Text Analytics Tools and Runtime for IBM LanguageWare
From the website:
IBM LanguageWare is a technology which provides a full range of text analysis functions. It is used extensively throughout the IBM product suite and is successfully deployed in solutions which focus on mining facts from large repositories of text. With support for more than 20 languages, LanguageWare is the ideal solution for extracting the value locked up in unstructured text information and exposing it to business applications. With the emerging importance of Business Intelligence and the explosion in text-based information, the need to exploit this “hidden” information has never been so great.
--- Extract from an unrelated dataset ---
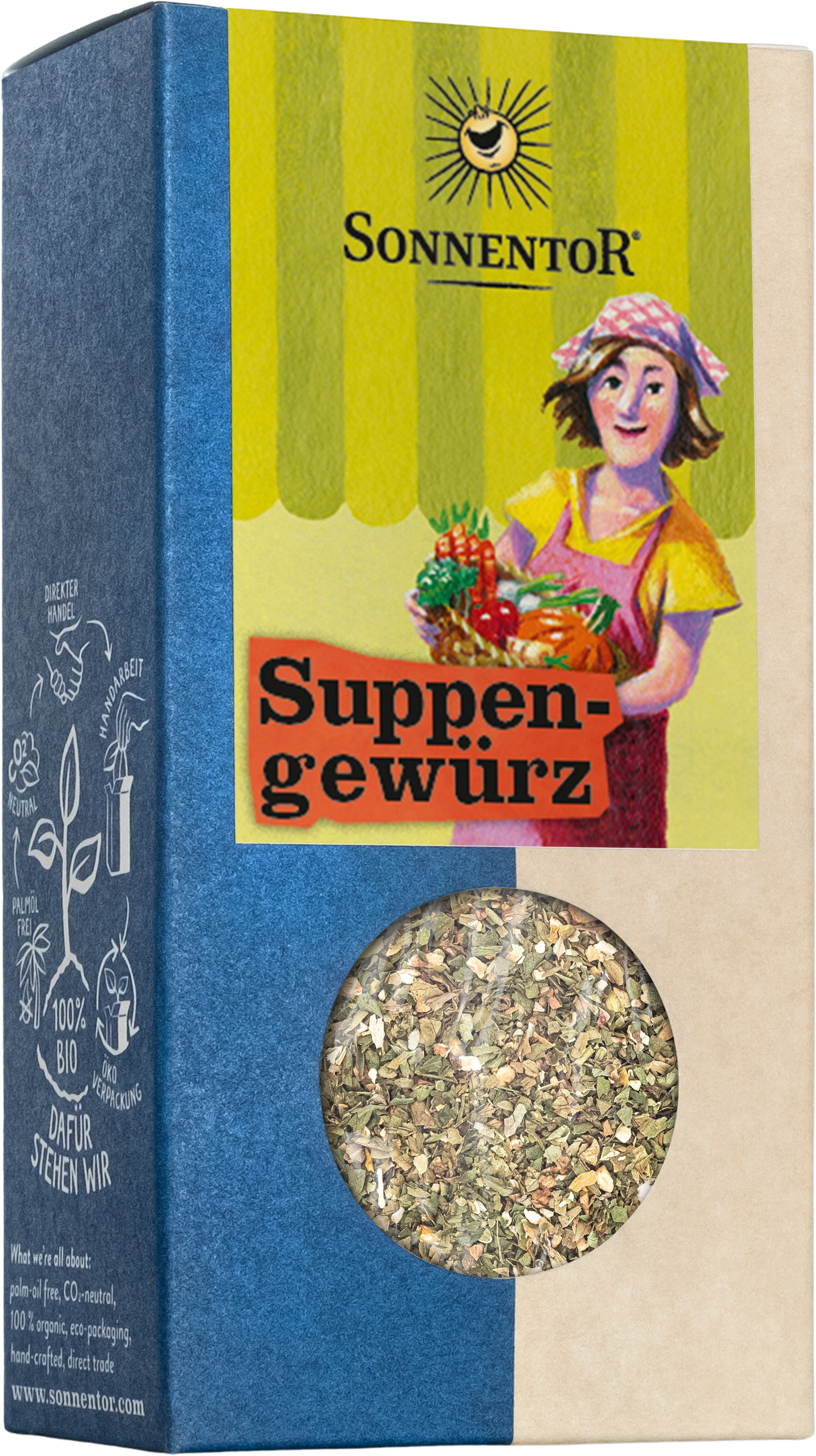 Przyprawa do zupy daje gorącym, pysznym zupom i potrawom delikatny smak aromatycznych ziół. Przyprawa do zup firmy Sonnentor nadaje aromat, który oczekuje się od pysznej i smacznej zupy. Wskazówka: przyprawę najlepiej dodać już na samym początku gotowania, aby jej aromat mógł przeniknąć do wszystkich składników.
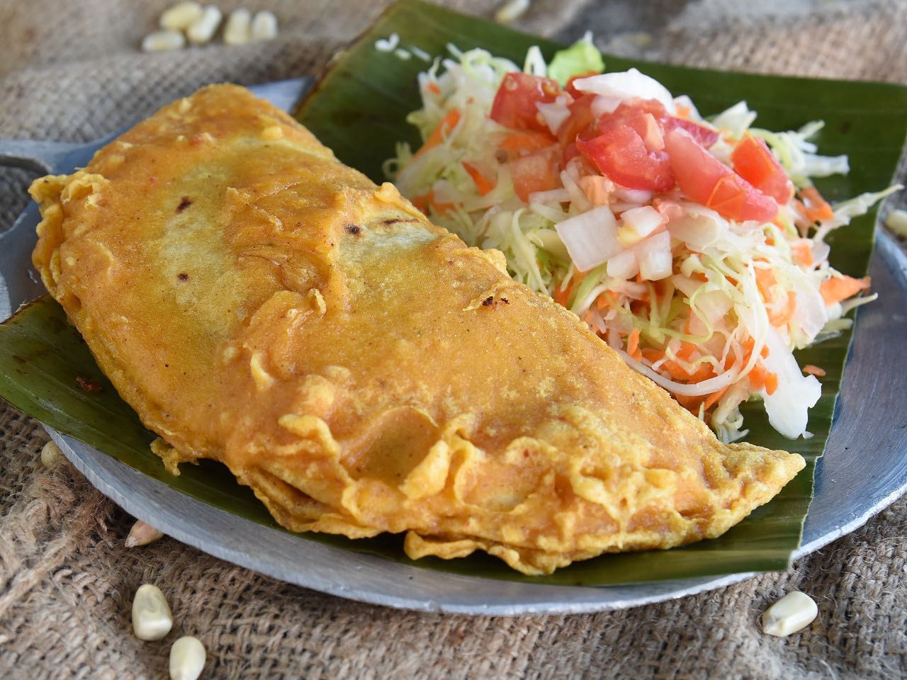 Tortilla de maíz palmeada, acompañamiento a elegir y ensalada de repollo.

LanguageWare technology not only provides the functionality to address this need, it also makes it easier than ever to create, manage and deploy analysis engines and their resources.
It comprises Java libraries with a large set of features and the linguistic resources that supplement them. It also comprises an easy-to-use Eclipse-based development environment for building custom text analysis applications. In a few clicks, it is possible to create and deploy UIMA (Unstructured Information Management Architecture) annotators that perform everything from simple dictionary lookups to more sophisticated syntactic and semantic analysis of texts using dictionaries, rules and ontologies.
The LanguageWare libraries provide the following non-exhaustive list of features: dictionary look-up and fuzzy look-up, lexical analysis, language identification, spelling correction, hyphenation, normalization, part-of-speech disambiguation, syntactic parsing, semantic analysis, facts/entities extraction and relationship extraction. For more details see the documentation.
The LanguageWare Resource Workbench provides a complete development environment for the building and customization of dictionaries, rules, ontologies and associated UIMA annotators. This environment removes the need for specialist knowledge of the underlying technologies of natural language processing or UIMA. In doing so, it allows the user to focus on the concepts and relationships of interest, and to develop analyzers which extract them from text without having to write any code. The resulting application code is wrapped as UIMA annotators, which can be seamlessly plugged into any application that is UIMA-compliant.
IBM has attracted a lot of attention with its Jeopardy playing “Watson,” and that isn’t necessarily a bad thing.
Personally I am hopeful that it will spur a greater interest in both the humanities as well as CS. Humanities because CS in its absence lacks a lot of interesting problems and CS because that can result in software for the rest of us to use.
Many years ago, before CS became professional or at least as professional as it is now, there was a healthy mixture of math, engineering, humanists and what would become computer scientists in computer science projects.
This software package may be a good way to attract a better cross-section of people to a project.
Not sure if finding others for collaboration will be easier in a university setting (with sharp department lines) or in a public setting where people may be looking for projects outside of work in the public interest.
Possible project questions:
- Define a project where you would use these text analytic tools. (3-5 pages, no citations)
- What other disciplines would you involve and how would you persuade them to participate? (3-5 pages, no citations)
- How would you involve topic maps in your project and why? (3-5 pages, no citations)
- How would you use these tools to populate your topic maps? (5-7 pages, no citations)